# Help with Rabbit Cage Size and Type



## AFthfulJrney (Mar 8, 2011)

Hi!

I am new to this forum as well as new to owning a rabbit. My husband and I are buying a Holland Lop Kit for my daughter for her birthday this month. The bunny will be ready for us on March 27th, so I have been spending these past few days researching and obtaining the things I need for my bunny! 

I am stuck on cage size and type. There are so many options available and it is a bit overwhleming. I want to purchase one cage that will be a good fit for my bunny as it gets older. The breederI am purchasing from recommended a plastic bottom cage over a wire one. She also told me to use Yesterdays News or Pine Chips in the bottom of the cage to help with smell. She advised me to litter train, but I was wondering what I use for the litter...is their rabbit litter or do I use regular cat litter? 

What size is a good size for a Holland Lop? I have been looking at the following cages and am not sure which would be best:

Rabbit Cage and Stand http://www.rabbitcagesource.com/rabbit-cages/indoor-rabbit-cages/rabbitcageandstand.cfm

Home Sweet Home 28 In. http://www.radiofence.com/products/Home-Sweet-Home-28-Inch-Small-Animal-Cage.html

A&E Small Cage http://www.petsbycsn.com/asp/show_detail.asp?sku=AEC1084

A$E Medium Cage http://www.petsbycsn.com/AandE-Cage-Co.-AE29671-AEC1083.html?cv=

I would prefer something on a stand, but don't want to spend more than $80 for the cage itself.
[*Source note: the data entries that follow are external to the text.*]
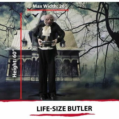 - Animated 5-ft. moaning butler holding a silver tray for a multitude of indoor and outdoor display ideas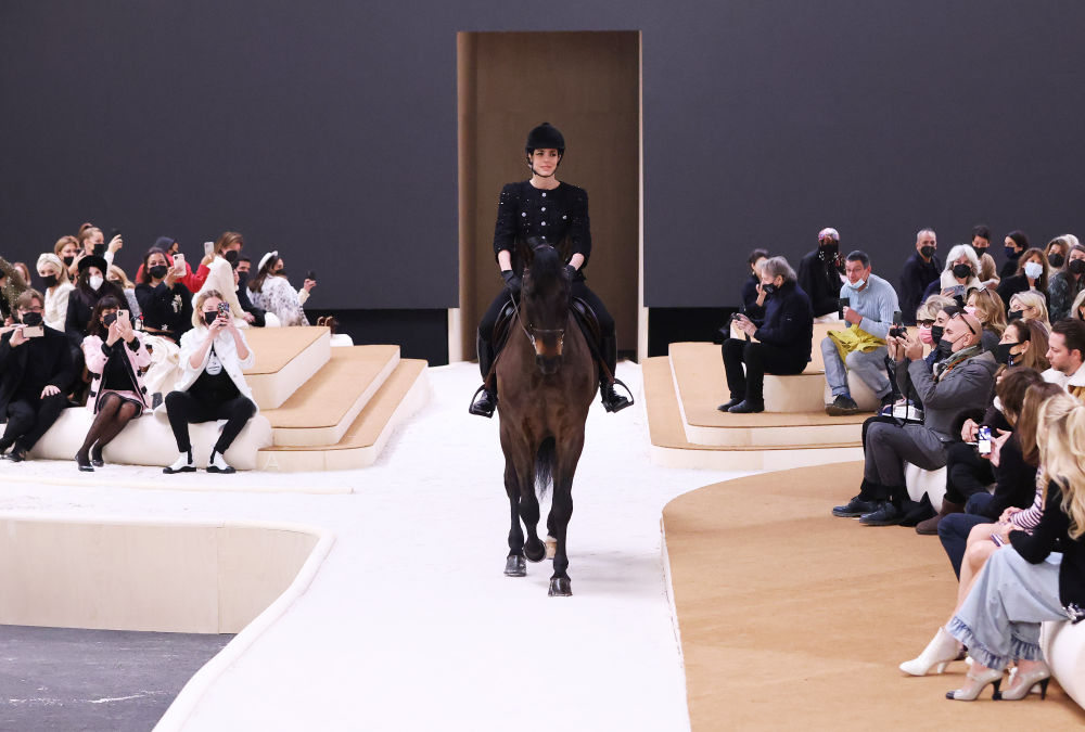 ↑2022年1月25日,在法國巴黎高級定制時(shí)裝周上,摩納哥的夏洛特公主為法國品牌香奈兒2022春夏新品發(fā)布會(huì )開(kāi)場(chǎng)。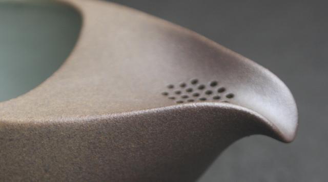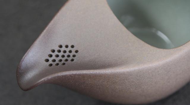 茶こし穴から注ぎ口に向かってくぼみを作り、注ぎ口をV型に仕上げてありますので、お茶の流れが良くなり、急須に残さず注ぎ切りやすくなっています。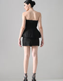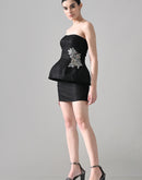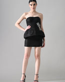 A strapless cotton silk mini dress tailored in a sculpted silhouette, featuring a softly flared peplum layer and delicate hand-embroidered crystal embellishment that adds a refined accent to its minimalist structure.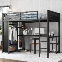 Product Name:Full XL Size Loft Bed Frame with Built-in Wardrobe, Metal Loft Bed with Desk and Storage Shelves, Black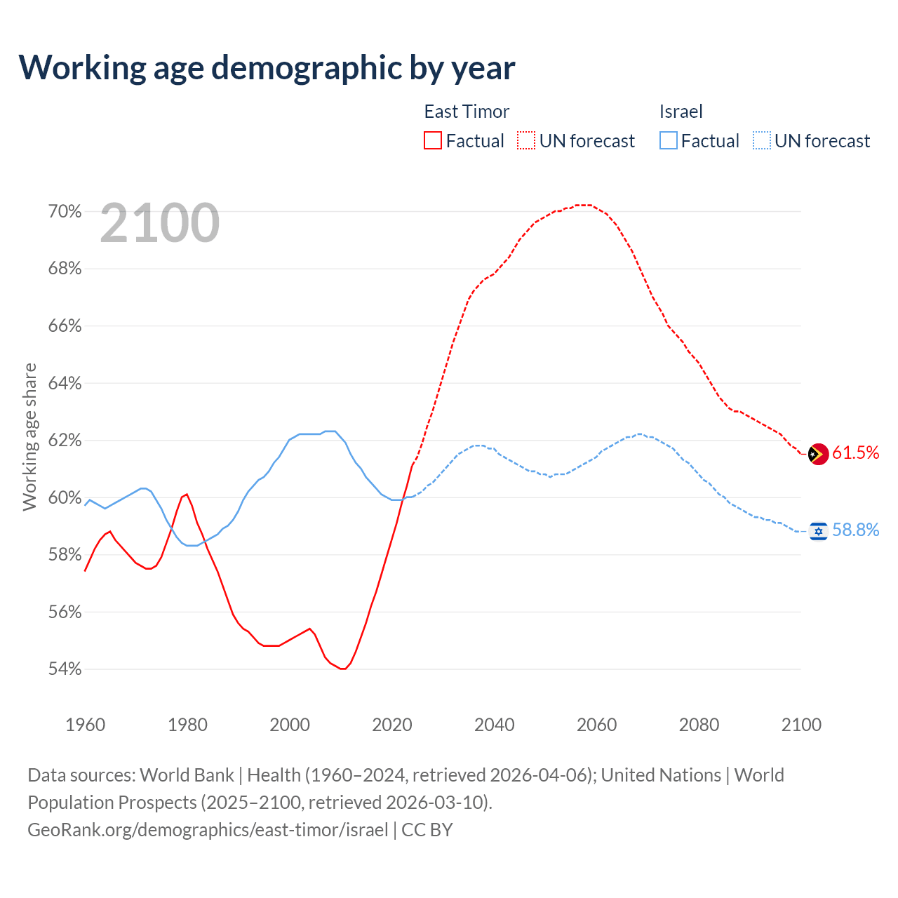 - East Timor has 880K working age adults (aged 15-64) vs 6.18M in Israel.

Are the heights of any of these cages an ok height?

Also, if I may ask just one more question , if the cage is going to be kept in an upstairs bedroom, but on the days we are home the bunny is free to roam in the living room, do I also train her to use to litter box in the living room? How do I keep her from messing on my rug when out of her cage?

Thanks in advance for your time and patience with me!  Any other advice or tips would be *greatly* appreciated! We are very excited about our new friend that is going to be joining our family and I want to provide the best care as possible!


----------



## ABBUNNY (Mar 8, 2011)

A freind has the first 1 and loves it!!


----------



## elrohwen (Mar 8, 2011)

Honestly, I would get something *not* on a stand. Most bunnies aren't fans of being picked up and having a cage that the bun can hop in and out of on his own can be key to bonding. Plus it's such a pain to try and catch a bunny that doesn't want to be caught, compared to having a bunny who goes right home when necessary. 

For size, 4'x2' is the minimum, but I would honestly go bigger if you have the space (all of the ones you posted seem too small). I started with a 4'x2' cage, then attached an xpen for my holland. 

Have you looked into making a cage yourselves with shelving grids (called NIC or C&C cages around here). You can customize to whatever size you want, add levels, etc, and it's cheaper than a store bought cage. 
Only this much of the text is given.